8. A single-star sensor fusion self-testing device for low-frequency acceleration noise detection in space gravitational wave detection, characterized in that, include: The acquisition module is used to acquire the non-orthogonal configuration geometric relationship parameters of the movable optomechanical sub-component, and output the centroid connection direction displacement projection fusion model and fixed geometric relationship parameters according to the non-orthogonal configuration geometric relationship parameters; The configuration module is used to configure the self-inspection control conditions for the movable optomechanical sub-assembly and the inspection quality associated with the movable optomechanical sub-assembly, and to determine the self-inspection control conditions. The acquisition module is used to synchronously acquire satellite payload measurement and control data based on the self-test control conditions and output a synchronous acquisition dataset. The calculation module is used to calculate the corrected differential displacement time series using the displacement projection fusion model along the centroid connection direction, based on the fixed geometric relationship parameters and the synchronously acquired dataset. The reconstruction module is used to reconstruct the differential residual acceleration time series based on the corrected differential displacement time series and the fixed geometric relationship parameters; The comparison module is used to estimate the spectrum near the frequency point based on the differential residual acceleration time series and compare it with a preset self-test threshold to generate a self-test judgment result.

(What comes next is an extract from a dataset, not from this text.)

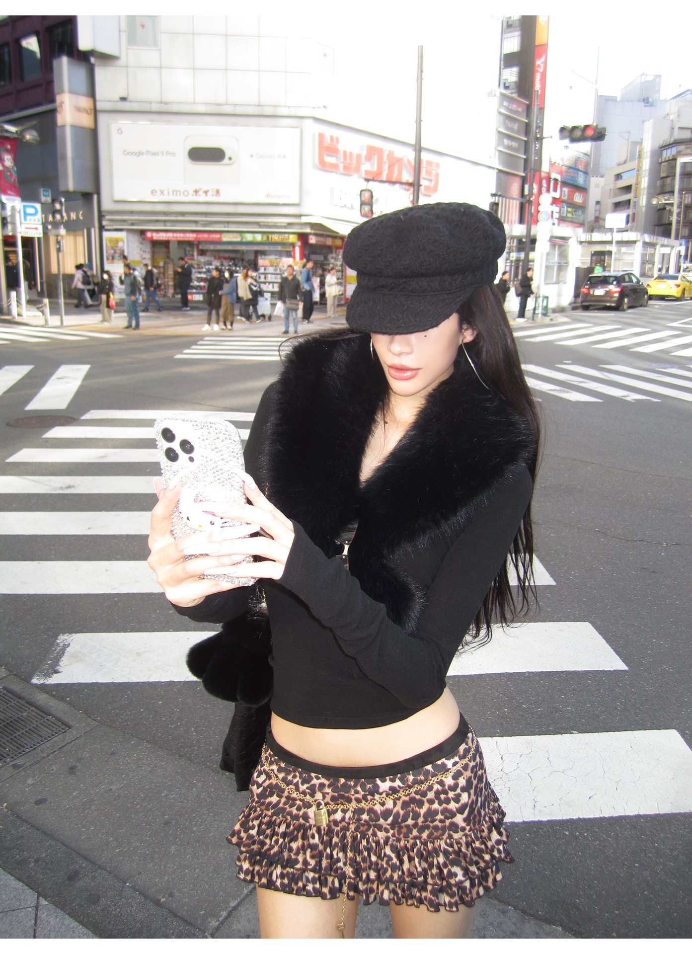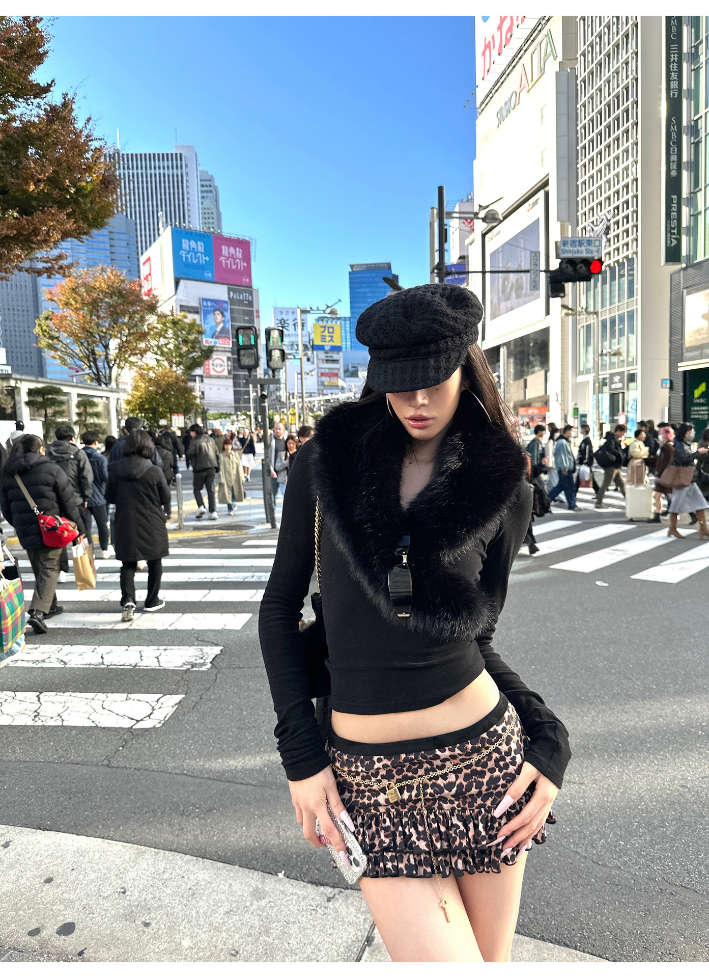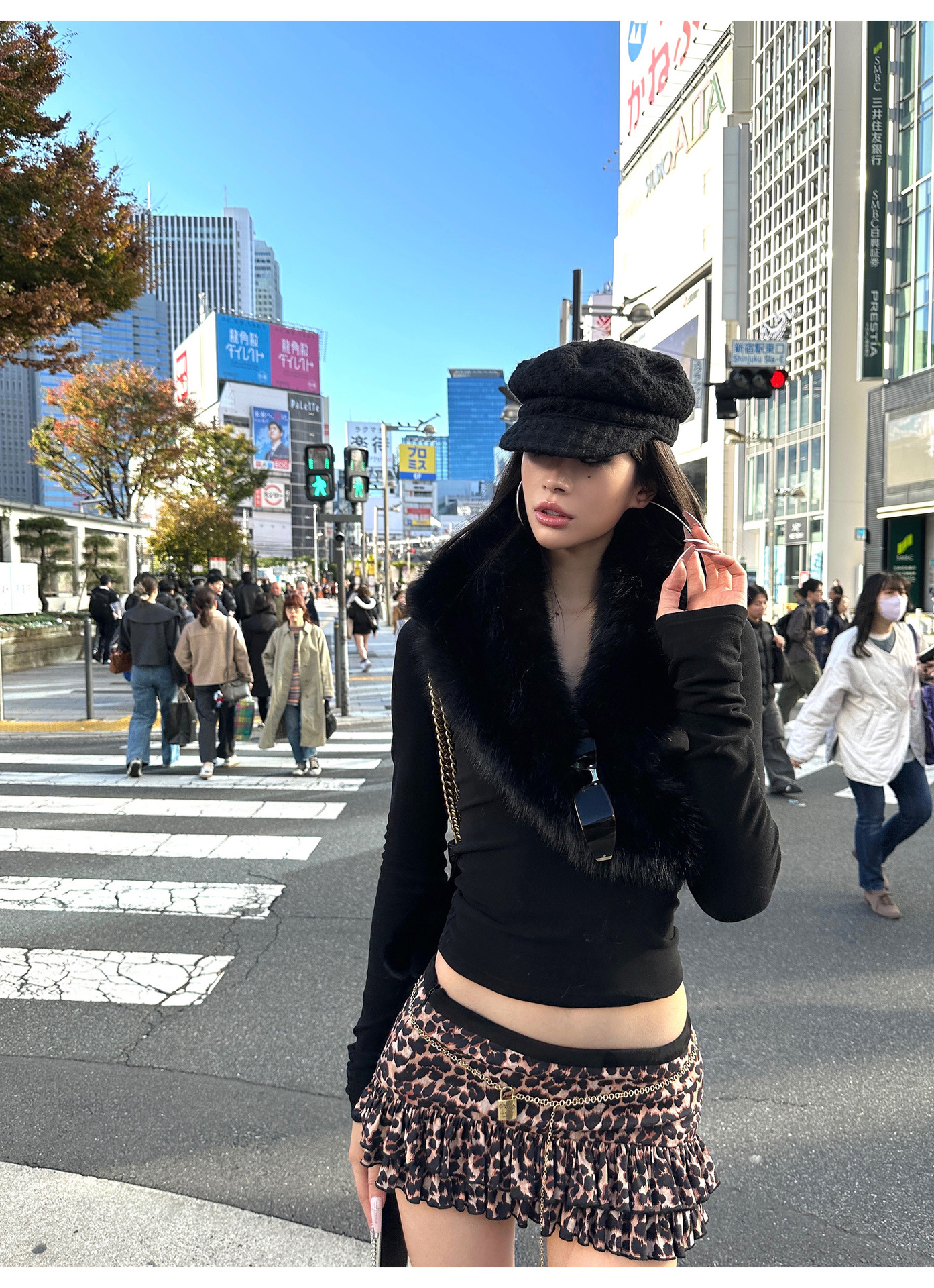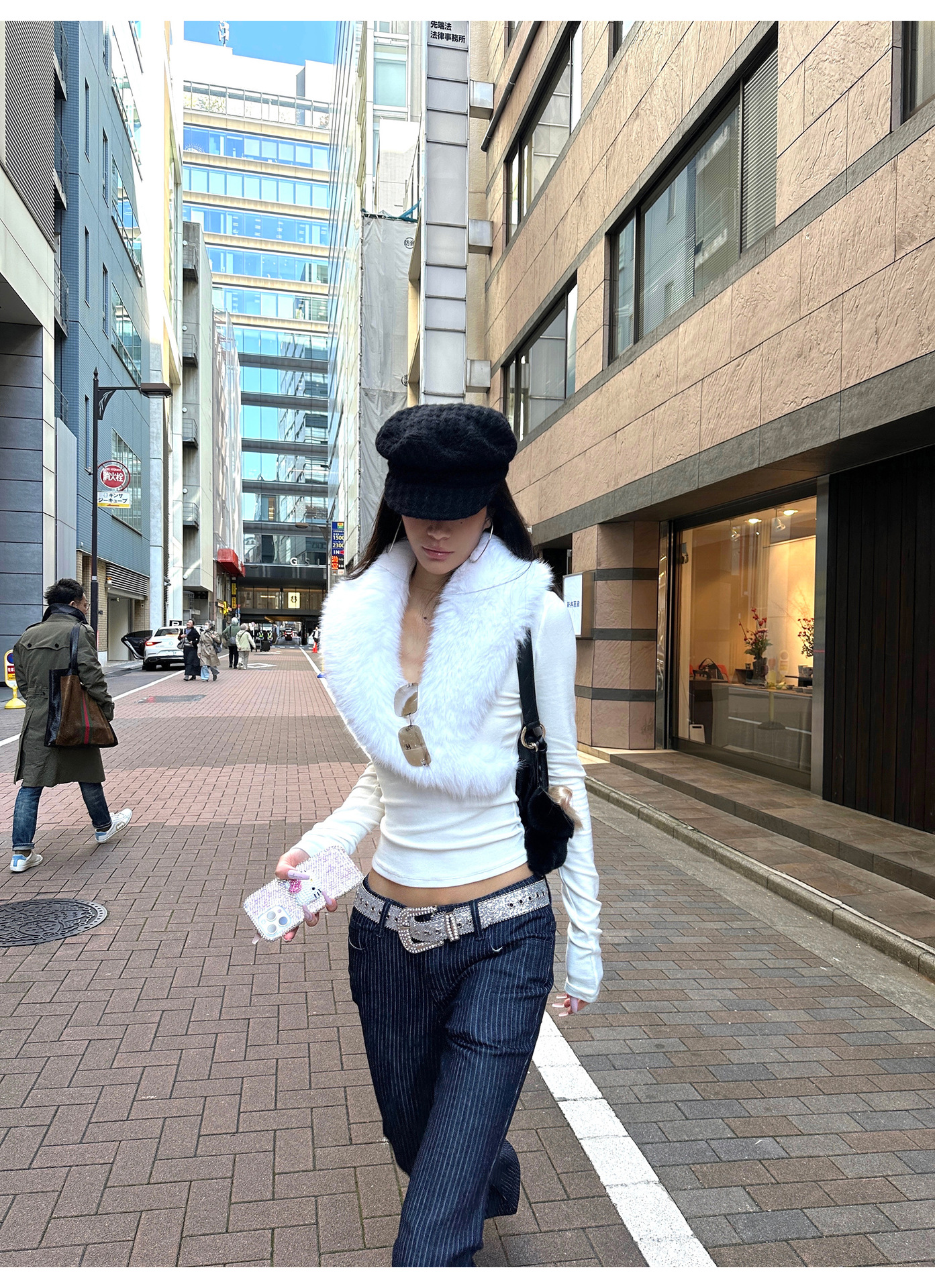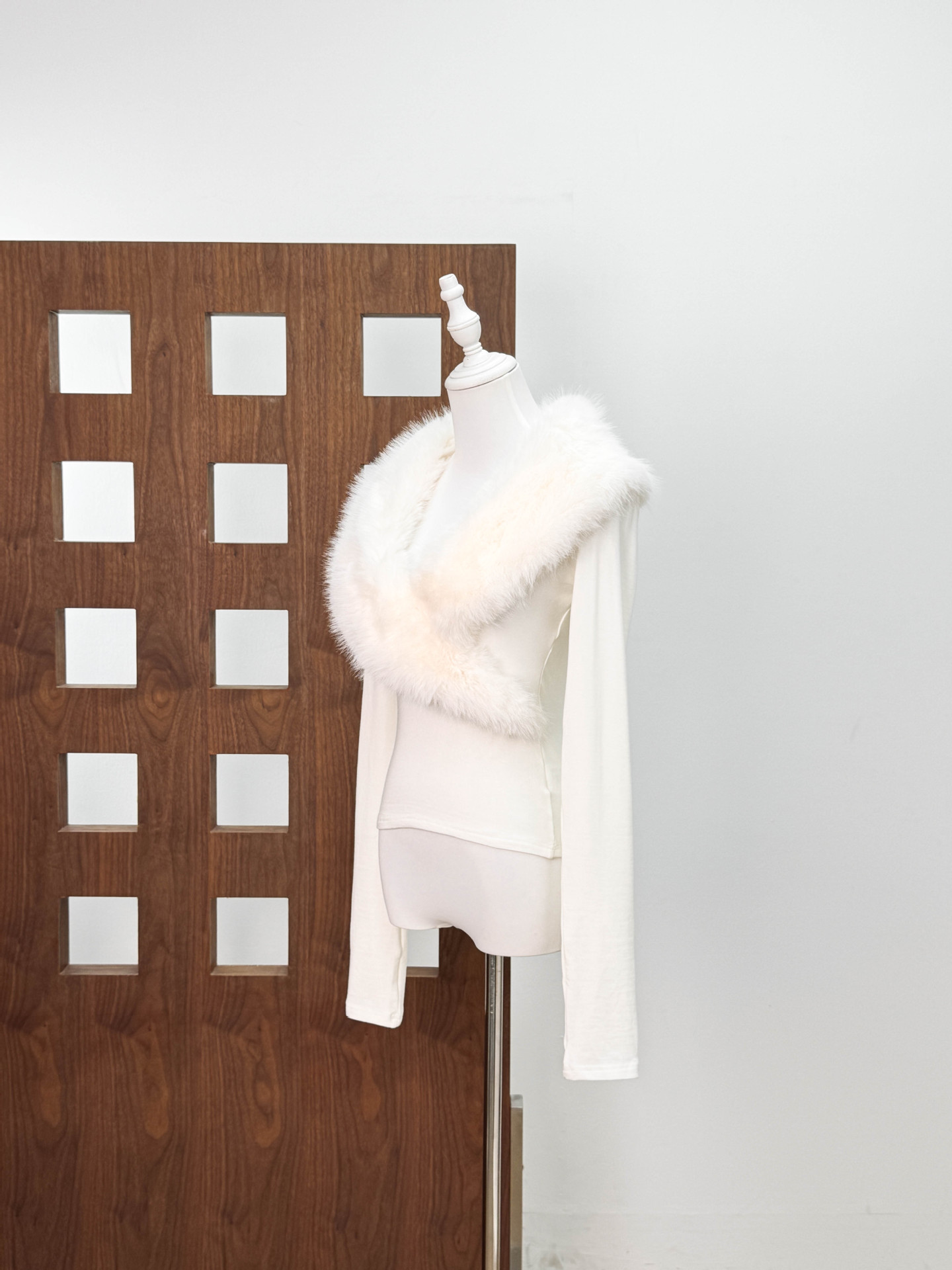 밀레니엄 스파이스 걸스 스타일 화이트 모피 칼라 티셔츠 여성용 슬림 핏 우아한 틈새 디자인 긴팔 친환경 모피 니트 탑스토어 가기

9. An electronic device, characterized in that, The system includes a memory and a processor. The memory stores a computer program, which, when executed by the processor, causes the processor to perform the steps of the single-star sensor fusion self-test method for detecting low-frequency acceleration noise in space gravitational waves as described in any one of claims 1-7.
10. A computer-readable storage medium having a computer program stored thereon, characterized in that, When the computer program is executed, it implements the single-star sensor fusion self-testing method for low-frequency acceleration noise in space gravitational wave detection as described in any one of claims 1-7.